A healthy man makes about 80 million sperm a day, or 100 a second. But these numbers can change with age, and by season, and dwindle for any number of reasons – if a man gets too hot or has too little sleep, has a car accident or, of course, has sex – suddenly his count lands in the low range.
A good study should have men abstain from ejaculation for two to five days to collect an accurate sample – but it's difficult to know for sure. “The most striking thing missing from [nearly half the papers in the Danish report]was the duration of abstinence prior to the sample collected,” says Vancouver's David Mortimer, past president of the Canadian Fertility and Andrology Society.

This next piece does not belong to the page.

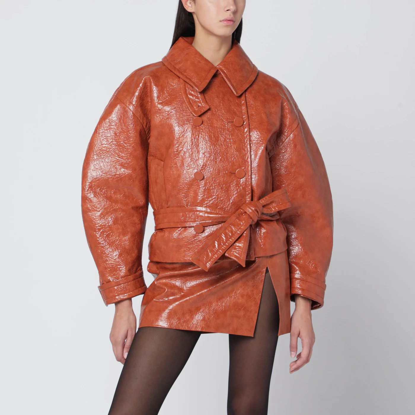 The Andamane jacket in faux leather in a leather colour characterized by a double-breasted front buttoning adjustable waist belt two side pockets wide long sleeves and a collar with a strap detail with buttons. Size and Fit – Model wears size 40 IT Model measurements: Height: 178 cm Chest: 83 cm Waist: 63 cm Hips: 91 cm

In his controversial book The Skeptical Environmentalist, Bjorn Lomborg, a former member of Greenpeace, argues that semen samples collected in the 1930s before the sexual revolution and the birth-control pill should not be compared with those gathered after it: Modern men are far more sexually active, which might also explain why sperm counts seem lower.

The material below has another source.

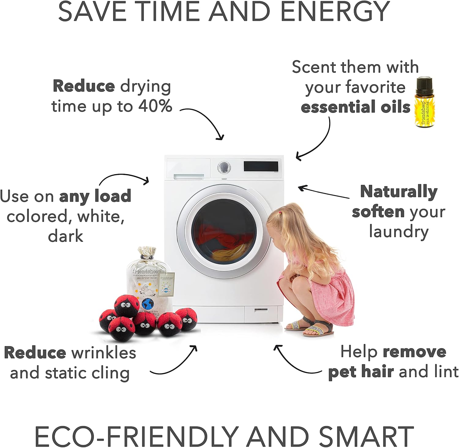 Friendsheep Wool Dryer Balls 6 Pack XL Organic Premium Reusable Cruelty Free Handmade Fair Trade No Lint Fabric Softener Ladybugs - Laundrybugs

Besides, sperm counts are “one of the least useful measures of fertility,” compared with how well a sperm swims and its shape, Dr. Mortimer says. The trouble is that picking individual sperm out of the crowd under a microscope is tricky.
“It's like looking down on a very busy street from the 11th floor on Bay Street – you see cars … but you don't know anything about their engines,” says Sergey Moskovtsev of the Create Fertility Centre in Toronto.

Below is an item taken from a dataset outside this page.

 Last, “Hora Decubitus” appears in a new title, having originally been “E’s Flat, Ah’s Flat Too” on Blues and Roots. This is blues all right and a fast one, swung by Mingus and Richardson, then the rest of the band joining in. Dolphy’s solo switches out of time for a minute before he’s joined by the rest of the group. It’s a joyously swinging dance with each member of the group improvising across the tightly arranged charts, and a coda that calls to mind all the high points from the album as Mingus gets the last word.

Labs are also notorious for miscounting sperm. Four times a year, the American Association of Bioanalysis sends out batches of the same semen sample to 500 U.S. labs for proficiency testing, Dr. Lamb says. Most fail.
Dr. Mortimer cites a study in which two labs tested a sample from the same man and found that “at the one lab the fellow would be identified as infertile, at another he could be a sperm donor.”
Still, he adds, “I would say there probably is a decline in sperm counts worldwide – but I would not stand up in a court of law and say so.”
Nor can anyone at the moment, says McGill's Dr. Robaire, who also serves as editor-in-chief of the Biology of Reproduction Journal. “I've seen too much garbage, too many bad studies.”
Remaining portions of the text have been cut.